Figure 1. shows the block diagram for the LX4180 megafunction.

Figure 1. Block Diagram
Figure 1. Block Diagram

General Description

The LX4180 is a 32-bit reduced instruction set computer (RISC) processor which executes the MIPSI instruction set (see Note 1 below). It allows designers to take advantage of a wide array of software development tools available from commercial suppliers.

The LX4180 can be configured to execute MIPS16 compressed code. Multiplication and division operations can be performed in hardware by a configurable MAC engine. On-chip code debug can be performed on the LX4180 with the configurable EJTAG block.

Architecture Overview

The LX4180 megafunction is based on Lexra's high-performance LX4180 embedded processor architecture.  Following are characteristics of the LX4180 CPU:

Table 1. Architectural Features of the LX4180 Function
Feature Description
MIPSI Instruction Set Architecture (1) The LX4180 supports the MIPSI programming model. The instruction set incorporates a three-port register file. Two source operands can be supplied and one destination updated per cycle. The second operand is either a register or 16-bit immediate. The instruction set includes a wide selection of arithmetic logic unit (ALU) operations executed by the register arithmetic logic unit (RALU), Lexra's proprietary register-based ALU. The RALU also generates memory addresses for 8-bit, 16-bit and 32-bit register loads from and stores to memory by adding a register base to an immediate offset. Branches are based on comparisons between registers, rather than flags, and are therefore easy to relocate. Optional links following jump or branch instructions assist with subroutine programming.
Pipeline Instructions are executed by a five-stage pipeline. The pipeline is designed so that all internal transactions and interfaces occur on the positive edge of the processor clock. Two-phase clocks are not used.
Exception Handling The LX4180 supports the MIPSI exception handling model. Exceptions include instruction-synchronous traps, hardware, and software interrupts. All exceptions are prioritized. When an exception is taken, control is transferred to a user program located at the exception vector. The use program identifies the cause of the exception and transfers control to the application-specific handler.
Co-processor Operations The LX4180 supports all 32-bit co-processor operations. These include moves to and from the co-processor general registers and control registers (MTCz, MFCz, CTCz, CFCz), co-processor loads and stores (LWCz, SWCz) and branches based on co-processor condition flags (BCzT, BCzF). The LX4180 includes a co-processor interface which can support all co-processor operations in a single cycle, without pipeline stalls.

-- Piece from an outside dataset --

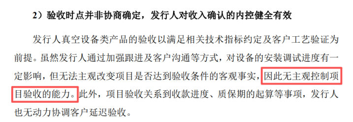 其在回复中称,对验收时点“无主不雅限制样式验收的才调”,即验收时点扫数由客户决定。这一表述揭示了两个深层问题:其一,即便选择时点法阐明收入,卖方也应有相应的合同管理和回款管理机制,而广泰真空的说法无异于承认面临下旅客户毫无谈话权,回款管理存在关键轻视;其二,淌若验收时点扫数由客户掌抓,则将为客户与广泰真空的跨期收入扶助预留雄壮操作空间。

In addition to the LX4180 CPU, the LX4180 megafunction includes the following standard blocks:

  • The Simple Memory Management Unit (SMUU) is designed for embedded applications that use a single address space. Its primary function is to provide memory protection between user space and kernel space.
  • Two Local Memory Interfaces (LMI). One local memory interfaces to 2 Kbytes of instruction memory and the other interfaces to 2 Kbytes of data memory.
  • The Coprocessor Interface (CI). The co-processor interface "eavesdrops" on the instruction. If a co-processor load (LWCz) or move to (MTCz, CTCz) is decoded, data will be enabled from the data bus into a CI register, then supplied to the designer-defined co-processor. Similarly, if a co-processor store (SWCz) or move from (MFCz, CFCz) is decoded, data will be fetched from the co-processor and loaded into a CI register, then transferred onto the data bus in the following cycle. The design interface includes a variable-width data bus, five-bit address and independent read and write selects for co-processor register and registers. The LX4180 pipeline and Harvard architecture permit single cycle co-processor access and transfer. Designer-defined co--processor condition flags (CpCondz) are synchronized by the CI then passed to the sequencer for testing in branch instructions.
  • The Custom Engine Interface (CEI), which the designer can use to extend the MIPS ALU opcodes with application-specific or proprietary operations. Similar to the standard ALU, the CEI supplies the custom engine with two input 32-bit operands, SRC1 and SRC2. One operand is selected from the register file. Depending on the opcode, the second operand is either selected from the register file or is a 16-bit sign-extended immediate. The opcode is locally decoded by the custom engine and, following execution by the custom engine, the result is returned on the 32-bit RES bus to the LX4180.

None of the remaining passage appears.